Theoretically, had the British not shot the rebels, in 1916. Things might have been different today, the same goes for the hunger strikers, had the shinners been more honest, and passed on the finer details from Mrs Thatcher, but they needed the sympathy of the people, and were willing to pay the price.
Norma
By the way I have every confidence in Scotland come September.
What the Scots do has absolutely nothing to do with you or me.
Any Irish person who thinks that the British establishment will ever
willingly behave honourably to any Irish person, be they Unionist or
Nationalist, is naive; and anyone who, through a prism of post-WWII
liberalism, shares such delusions really needs to get out more.

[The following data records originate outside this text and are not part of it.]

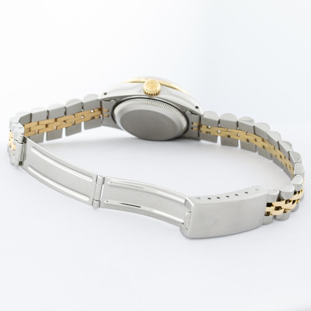 One Ladies Pre Owned Quickset Two Tone 18K Yellow Gold And Stainless Steel Rolex Datejust Polished, Serviced And Electronically Tested, Yellow Gold And Stainless Steel Case: 26mm, Yellow Gold Crown, Custom Bezel: New 18K Yellow Gold Emerald Beadset Diamond Bezel, Diamond + Gem Count: 28 Diamonds + 4 Emeralds. Custom Crystal: New Sapphire With Date Window. Custom Hands: New Luminescent Hands. Rolex Movement: Automatic Winding Movement 2135. Custom Dial: Custom Green Vignette Dial With Added Diamond Hour Markers, Diamond Count: 10 Diamond in Dial. Date Window: 3 O'Clock Position Date Display, Model: Quickset Datejust, Condition: G-6 Extra Fine. Rolex Bracelet: Two Tone Yellow Gold And Stainless Steel Jubilee Band. Bright Polish. 6.0 Inch Length, Adjustable. Standard Clasp, With Rolex Logo. This Watch Has Been Serviced Time Tested And Is In Excellent Condition It Is Free Of All Scratches And Dents.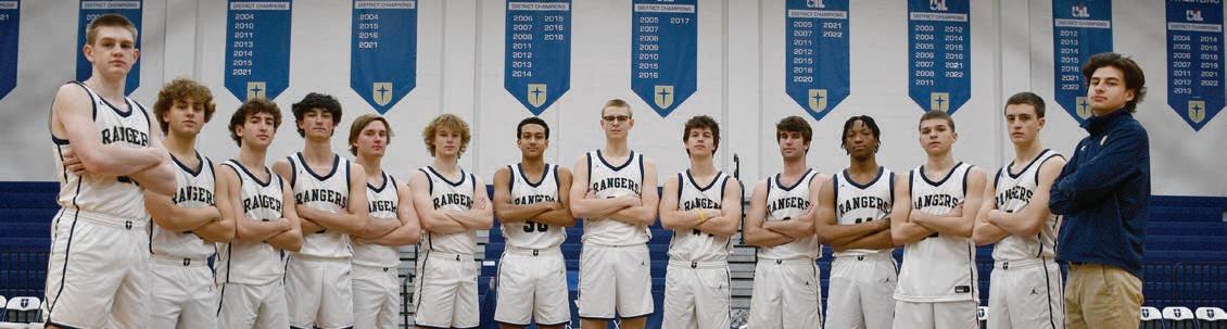 Last season, Jesuit Dallas earned the 13th playoff appearance in Hill’s 14 seasons, closing out the 202122 campaign with a 16-14 record alongside a 10-4 mark in district play. A trio of Rangers were named to the all-district team, as Ben Johnson ’22 and Ryan McCormick ’22 were named to the first team while Sky Tschurr ’22 secured an all-district second team honor. Hill made history on Jan. 25, 2022, when the Rangers defeated J.J. Pearce, 51-48. The win marked the 300th coaching victory for Coach Hill.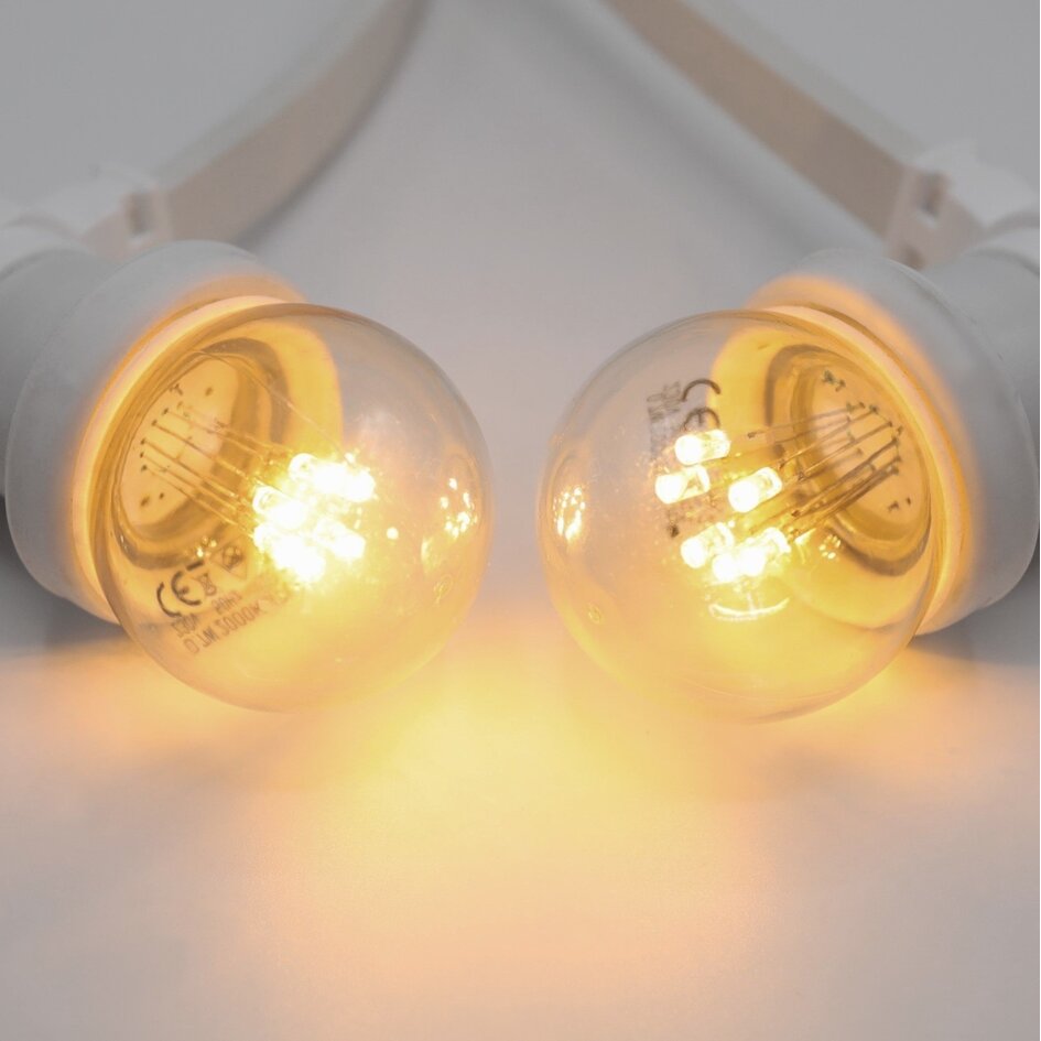 Dette lyskæde-sæt kommer med varmhvide LED-pærer på 0,7 watt og er produceret med LED-dioder på lange pinde. De lange lyspinde ses tydeligt gennem den robuste plastikkugle, og gør ikke kun pærerne pæne at se på, men giver dem også et flot lys. Samtidig kan du nyde godt af den moderne LED-teknologi, der både sørger for et lavere energiforbrug og en lang levetid.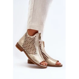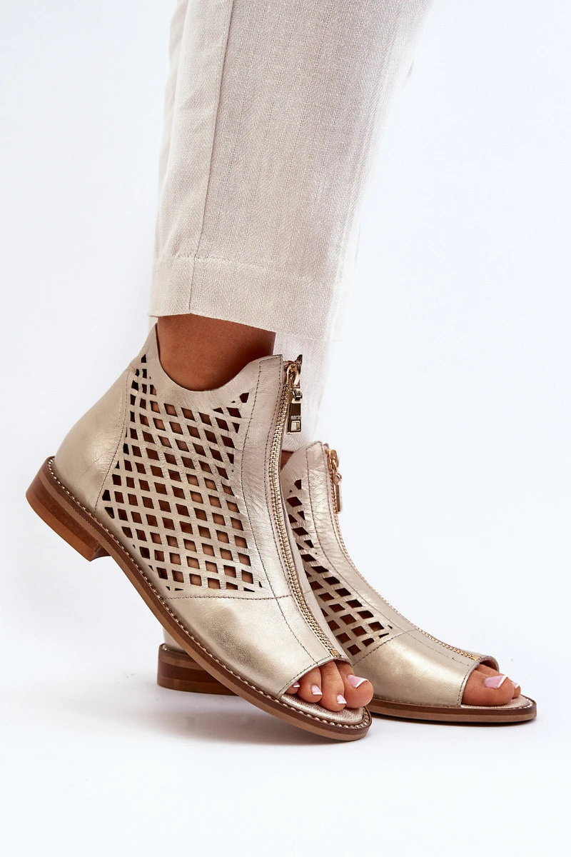 Kožené Prokreslené Sandály Na Zip Zlaté Zazoo 977/L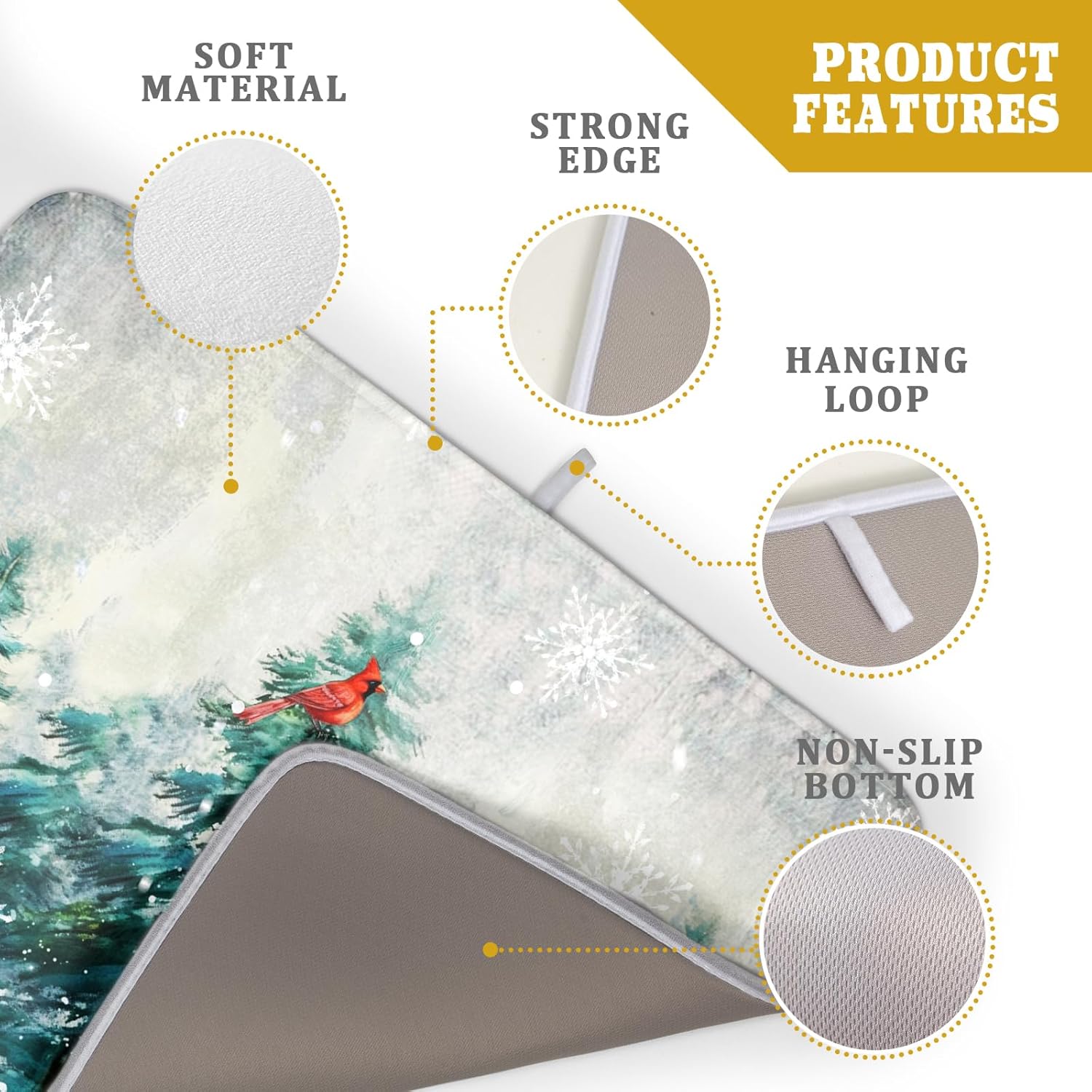 - 【Easy to Storage】This cardinal bird design drying mat with hang rope, soft and foldable, durable, easy to storage it by hanging or folding it up in a drawer or tuck it elsewhere. Perfect for tight spaces like campers, boats and cottages where having a dual purpose item will come in handy.

The
British have rarely conceded any colonial territory without bloodshed,
other than Hong Kong recently when the military odds were so stacked
against them that they had little option.
The unadmitted angst for modern day Blueshirts such as the monarchist
Bruton is that they prefer to be British and stay in the Commonwealth
– Home Rule was all they ever wanted. The idea of living in a
Republican is too plebeian by half for any man who feels that an
hereditary monachy ‘represents all that we aspire to’ as Bruton once
gushed to Prince Charles (who btw is a much nicer bloke than Bruton).
It suited the British to offer – but, crucially, never actually give –
Home Rule (and any other cynical moonshine they could think of) at a
time when they were desperate for Paddy cannon fodder to put manners
on the upstart Germans who were looking like they may become dominant
in mainland Europe. However, whatever slim chance there might have
been of Home Rule being implemented was lost, not primarily by the
events of 1916, but by the mass mobilisation of hundreds of thousands
of well-drilled and openly-rebellious Unionists during 1912 and 1914
(Ulster Covenant, Larne gun-running, Curragh mutiny). Obviously, this
give added impetus to 1916 – since the British had caved in to UVF
threats, gun-running and mutinies in 1914, it may have seemed to some in 1916
that force was the only language that Britain took seriously.
There’s a material difference between Irish involvement in WW1 and
Irish involvement in WWII. The latter was for a justifiable cause –
defeating Nazism. The former had little to do with cynical sob-stories
about Belgium and everything to do with two bloodthirsty empires
striving for supremacy.
The typical revisionist Redmondite view of the people of 1916 is a mix
of moral superiority and cultural contempt. They moralise about the
‘depraved’ nature of anyone who opted to achieve independence through
violent means instead of pursuing a parliamentary course. They sneer
at Pearse’s alleged espousal of a ‘primitive blood sacrifice. According to the naïve Redmondite worldview, Britain would have been prepared to give up Ireland without a fight! However, while naivety (even naivety on that scale) is excusable, the hypocrisy of modern
Redmondites is not. Redmond’s strategy was based on an espousal of
murderous imperial violence that made the events of 1916 look like a
teddy bears’ picnic.
Redmond’s strategy for obtaining Irish independence was to curry
favour from Britain by encouraging Irishmen to butcher thousands of
‘Johnny-Foreigners’ on Britain’s behalf. In so doing, Redmond
(ironically) revealed himself to be not just a man committed to
mass-violence as a means of bringing about political change, but a
racist to boot – seemingly, violence was acceptable if it only
involved slaughtering (e.g.) the Turks.
Far from eulogising Redmond, it’s high time the Irish government
formally apologised to our European neighbours for the shameful part
played by brave but misguided Irishmen in a bloody imperialistic
debacle that had nothing to do with Ireland.